The second difference was that the cause of death was defined only using information from death certificates. In contrast, all the trials used an expert committee that examined the death certificate information along with relevant medical records to define the underlying cause of death. In the Nottingham trial (Hardcastle et al, 1996), deaths from CRC were classified in two ways, ‘certified’ from death certificate information only and ‘verified’ after additional case note review. The latter approach resulted in more deaths being defined with a cause of CRC. There was a statistically significant reduction in CRC mortality of 15% only in the larger ‘verified’ group. The ‘certified' group showed a nonsignificant reduction of 12%.

These two differences may have contributed to the lower reduction in mortality seen in this study compared with the meta-analysis (Towler et al, 1998). In addition, colonoscopy was offered directly to those with 5 or 6 FOBT windows positive (strong positive) but not those with 1–4 windows positive (weak positive) until they had another positive FOBT result.

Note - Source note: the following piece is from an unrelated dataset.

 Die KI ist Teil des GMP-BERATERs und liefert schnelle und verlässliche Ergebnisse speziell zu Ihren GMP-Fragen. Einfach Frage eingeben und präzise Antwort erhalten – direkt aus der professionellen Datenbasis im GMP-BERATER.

This approach was based on the algorithm used in the Nottingham trial and was designed, considering the available colonoscopy resource, to achieve a positivity rate of 2%. It has been suggested that this is too conservative an approach resulting in a diminution of the benefit of screening compared with the benefit if all those with a positive test result were referred for colonoscopy. Another trial in the United States gained an increased positivity rate through rehydration of the FOBT (Mandel et al, 1993). This resulted in higher colonoscopy rates and showed an increased reduction in mortality of 19% but with a lower positive predictive value because of the increased number of false positive test results. Offering colonoscopy directly to weak positives, therefore, may have led to a greater reduction in mortality, but a recent study has shown that where colonoscopy is undertaken following a weak positive test result, the positive predictive value for cancer is 8.8% compared with 26% for those with a strong positive test (Lee et al, 2011). It is encouraging, however, that a significant reduction in CRC mortality was achieved despite the limitations that are important factors in routine, real-world screening programmes in contrast to studies undertaken with the advantages of clinical trial support.

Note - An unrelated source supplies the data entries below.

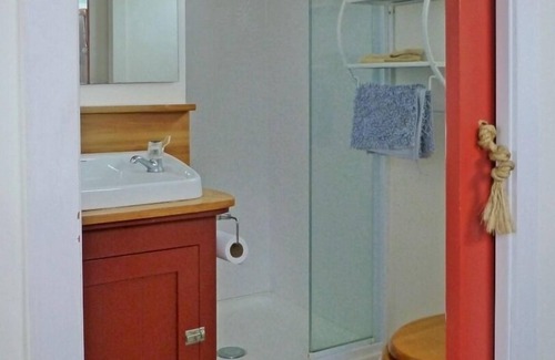 BATHROOM: Shower, handbasin, toilet, opening window.
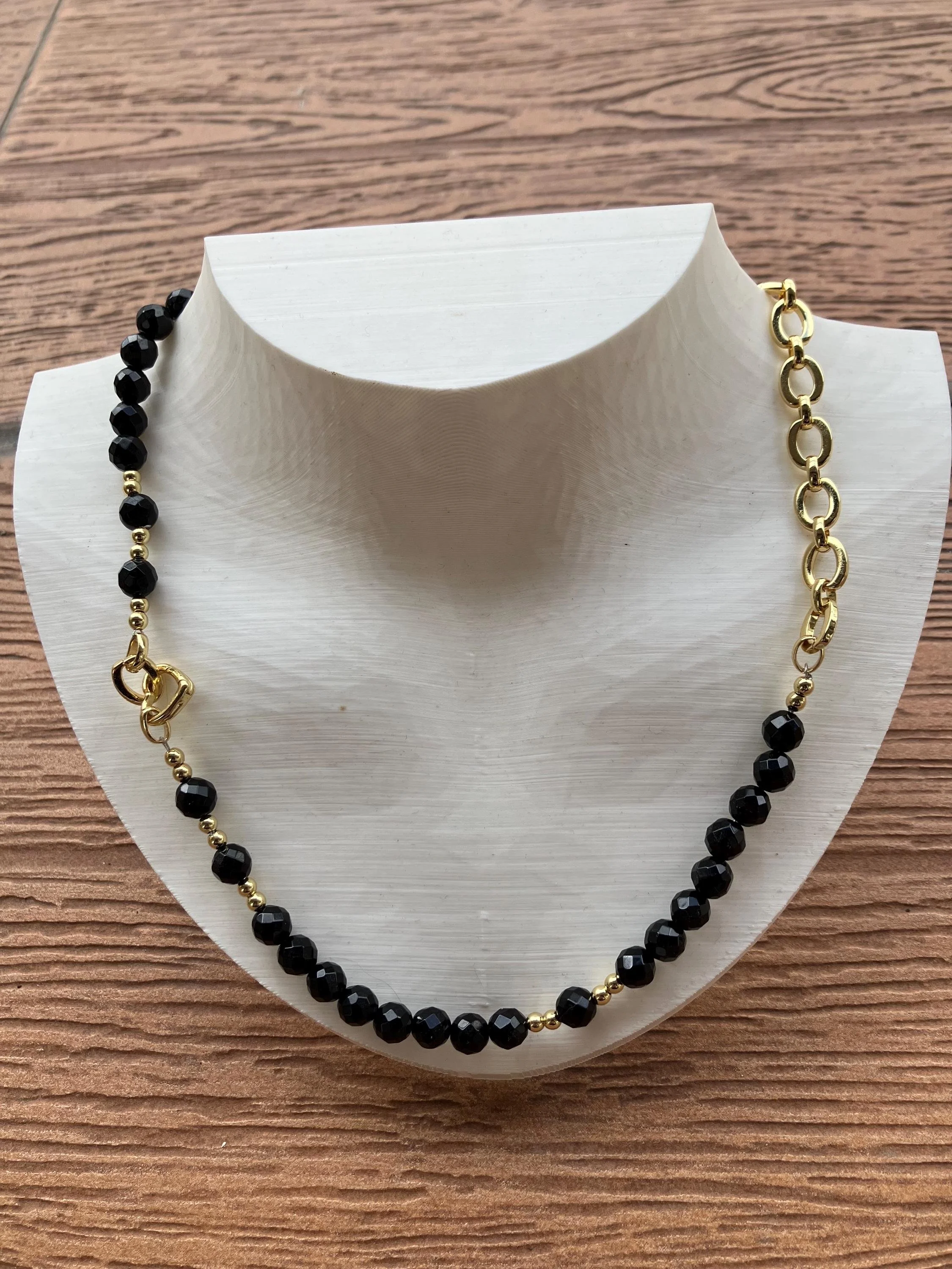 Cathynature-bijoux › collier original bi matière plaqué or et semi précieuse onyx noir facette Image 1 sur 4 Image 2 sur 4 Image 3 sur 4 Image 4 sur 4 collier original bi matière plaqué or et semi précieuse onyx noir facette 48,00 € Magnifique collier bi matière qui peut se porter de 2 façons Perles semi précieuse en onyx noir facette provenance Asie Maillons en plaqué or 18 carats Provenance USAConnecteur cœur Pressoir en plaqué or 18 carats Provenance USA Perles en plaqué or Provenance USA Acheter Ajout effectué ! Magnifique collier bi matière qui peut se porter de 2 façons Perles semi précieuse en onyx noir facette provenance Asie Maillons en plaqué or 18 carats Provenance USAConnecteur cœur Pressoir en plaqué or 18 carats Provenance USA Perles en plaqué or Provenance USA
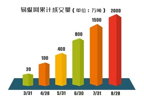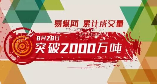 截止2015年8月31日,易煤網(wǎng)煤炭線上交易累計成交量已突破2000萬噸,累計成交額逾71億元。
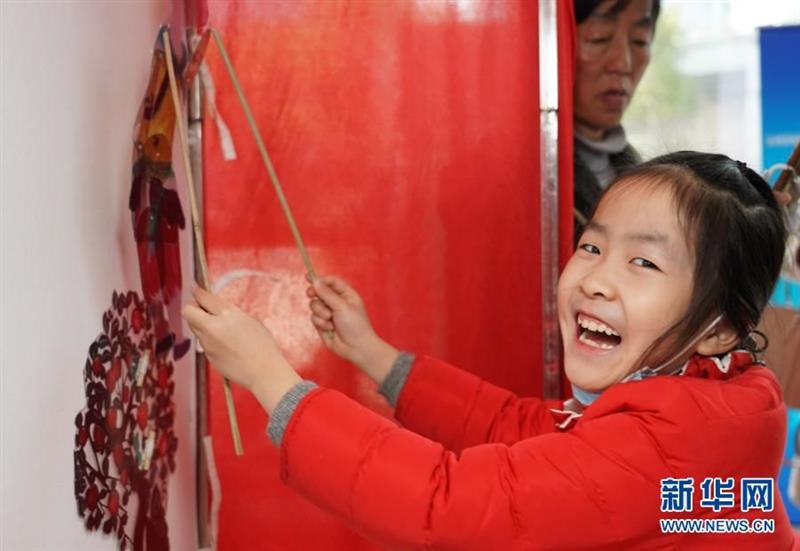 1月30日,一名女孩在學(xué)習(xí)皮影戲表演。新華社記者 任瓏 攝
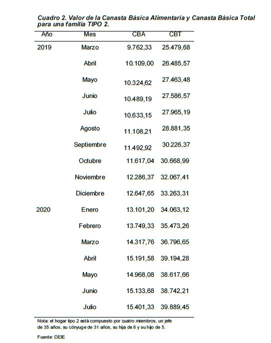 A nivel nacional, según los últimos datos publicados por el Instituto Nacional de Estadísticas y Censos (Indec) una familia tipo compuesta por cuatro personas necesitó en el mes de julio contar con ingresos superiores a los $44.521 para no ser pobre.
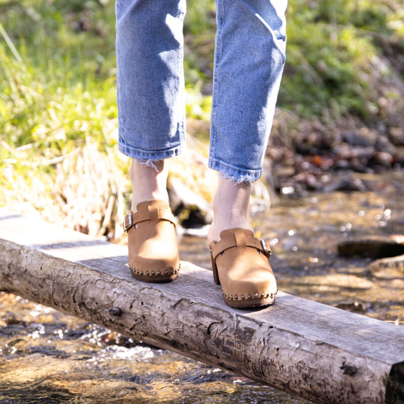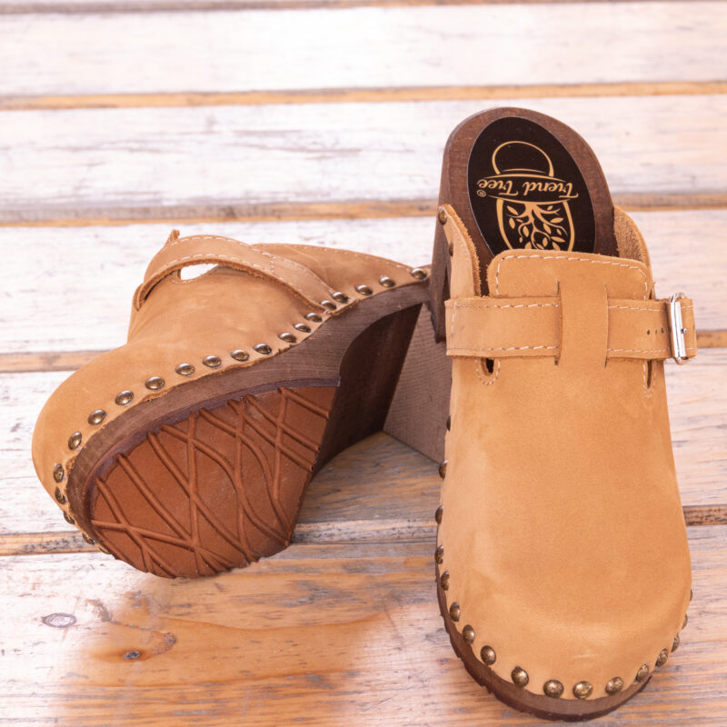 Experience elegance and comfort with our Honey Nubuck High-Heeled Wooden Clogs. Meticulously crafted from soft, natural leather and lightweight lime wood, these stylish heeled sandals are not only chic but also focus on providing unparalleled comfort and support for your feet.

It was found that all cause mortality was slightly greater in the control group than in the invited group raising the possibility that the reduction in CRC mortality could have been partly due to differences in overall mortality. However, the statistically significant differences between the groups were confined to non-cancer causes of death with no differences between the groups for any cancer other than CRC (data not shown). Thus, it is unlikely that the reduction in CRC mortality could be due to background differences in overall mortality.

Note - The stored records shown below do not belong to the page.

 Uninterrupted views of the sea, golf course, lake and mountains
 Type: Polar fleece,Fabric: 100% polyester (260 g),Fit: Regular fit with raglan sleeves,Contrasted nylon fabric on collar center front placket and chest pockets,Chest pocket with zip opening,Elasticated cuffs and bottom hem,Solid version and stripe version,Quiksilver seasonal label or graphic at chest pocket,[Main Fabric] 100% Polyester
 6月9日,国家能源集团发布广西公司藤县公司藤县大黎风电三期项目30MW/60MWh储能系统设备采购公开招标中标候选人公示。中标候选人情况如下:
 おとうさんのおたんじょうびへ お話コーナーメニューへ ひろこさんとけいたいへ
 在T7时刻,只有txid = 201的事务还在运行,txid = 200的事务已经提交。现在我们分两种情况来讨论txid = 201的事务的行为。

Previously published studies of routine screening programmes have shown that screening with FOBT leads to an increased detection of CRC at early stages of disease (Steele et al, 2009; Moss et al, 2012). This study shows that these outcomes translate into a reduction in cause-specific mortality justifying the introduction of routine population-based screening. It seems likely that a greater impact of screening on CRC mortality would be realised with increased participation.